Fans react in a fanzone in Hamamatsu as the Japanese team scores a try against Russia. Photograph: Adrian Dennis/AFP/Getty Images
Fans react in a fanzone in Hamamatsu as the Japanese team scores a try against Russia. Photograph: Adrian Dennis/AFP/Getty Images

And the pressure on Jamie Joseph’s Japan team to not blink under the most intense spotlight of their lives was intense. For five awful opening minutes, it seemed as if they were in danger of completely disintegrating in the heat, spilling the ball from the kick-off and then gifting the Russians with a try in the third minutes when fullback William Tupou dropped a routine high ball, allowing the disbelieving Krill Golosnitskiy to collect and dive across the line unchallenged.

A horrible silence fell across the stadium as the Japanese contemplated the visitation of having to witness a long night of national disgrace. But within minutes, the Blossoms were on the attack and the crowd responded as if they were riding the wildest rollercoaster in the theme park.

Which they were.

The Japanese remained alarmingly unpredictable under the high ball all evening and it wasn’t hard to imagine the implacable gaze of Joe Schmidt drinking in every moment of calamitous uncertainty. But none of that mattered after Matsushima ran in the last score of the evening to leave a considerable distance between the countries on the scoreboard.

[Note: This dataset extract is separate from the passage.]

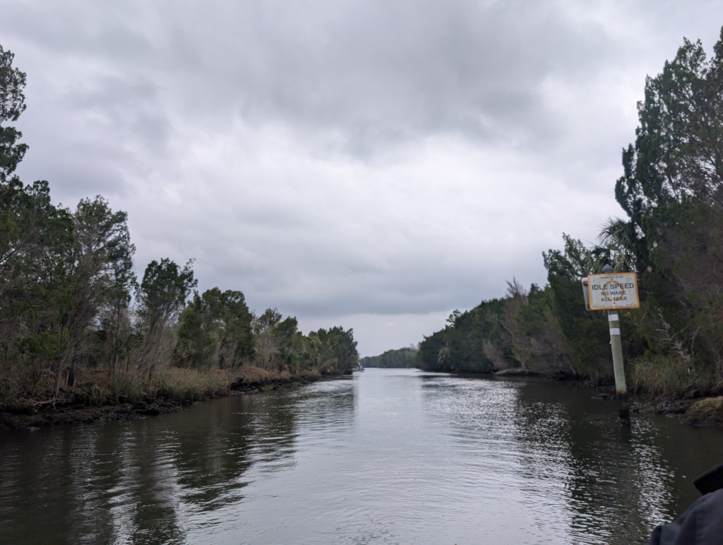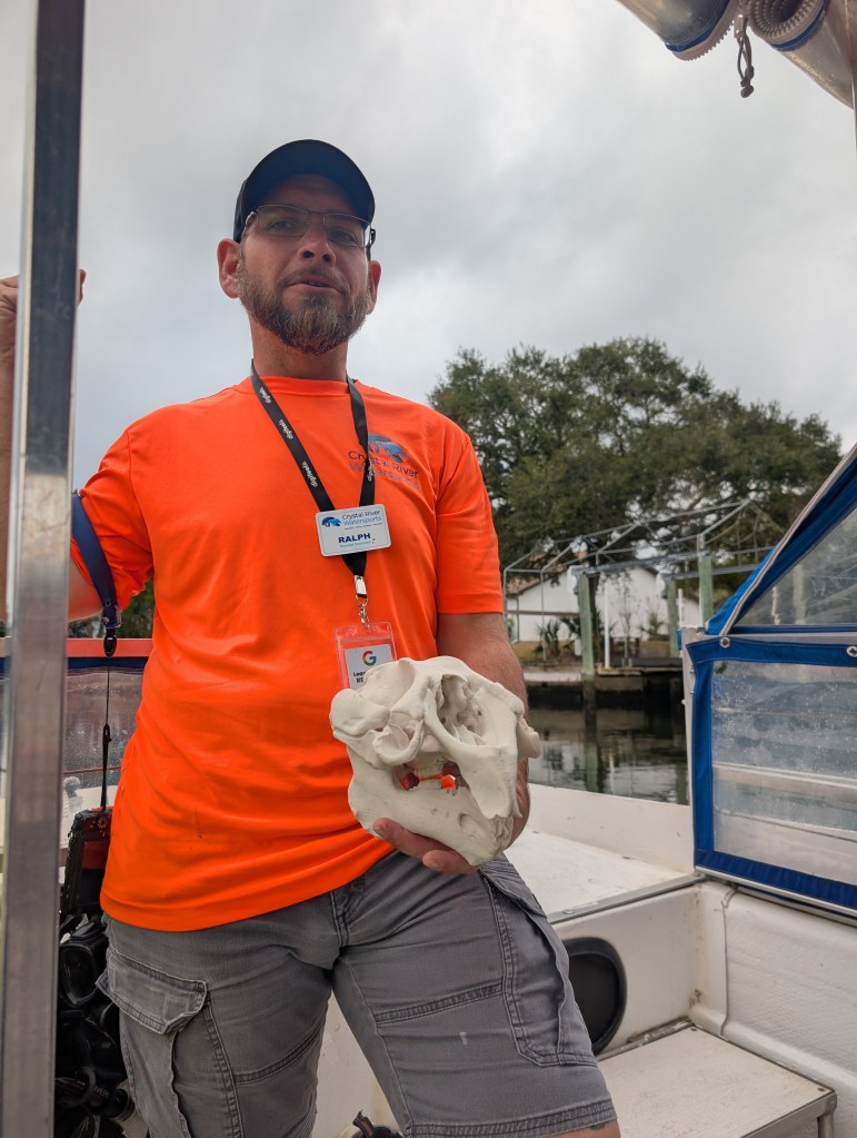 Once we were ready to go, we boarded the boat and were off on one of the most amazing adventures we could hope for. While we were cruising down the channels, Ralph taught us about the manatees. We were able to hold a skull replica and view the eye sockets, nasal cavity, and their teeth. Did you know that manatees have an everlasting set of teeth? When one is ground down and no longer useful it falls out and a new one pushes up from the back, which moves the rest of the teeth forward. How cool is that?

Japanese players celebrate with fans after winning the opening match of the Rugby World Cup against Russia. Photograph: Franck Robichon/EPA
Japanese players celebrate with fans after winning the opening match of the Rugby World Cup against Russia. Photograph: Franck Robichon/EPA

“Tier one rugby isn’t a level above what we are used to: it is a different sport,” said Lyn Jones, admitted the Russian coach. Quite where Japan lie in those tiers will become clearer when they meet Ireland next Saturday. Head coach Joseph was asked about Ireland but, in keeping with the theme of the night, he deftly sidestepped the question. It will, at the very least, be quite the culture clash.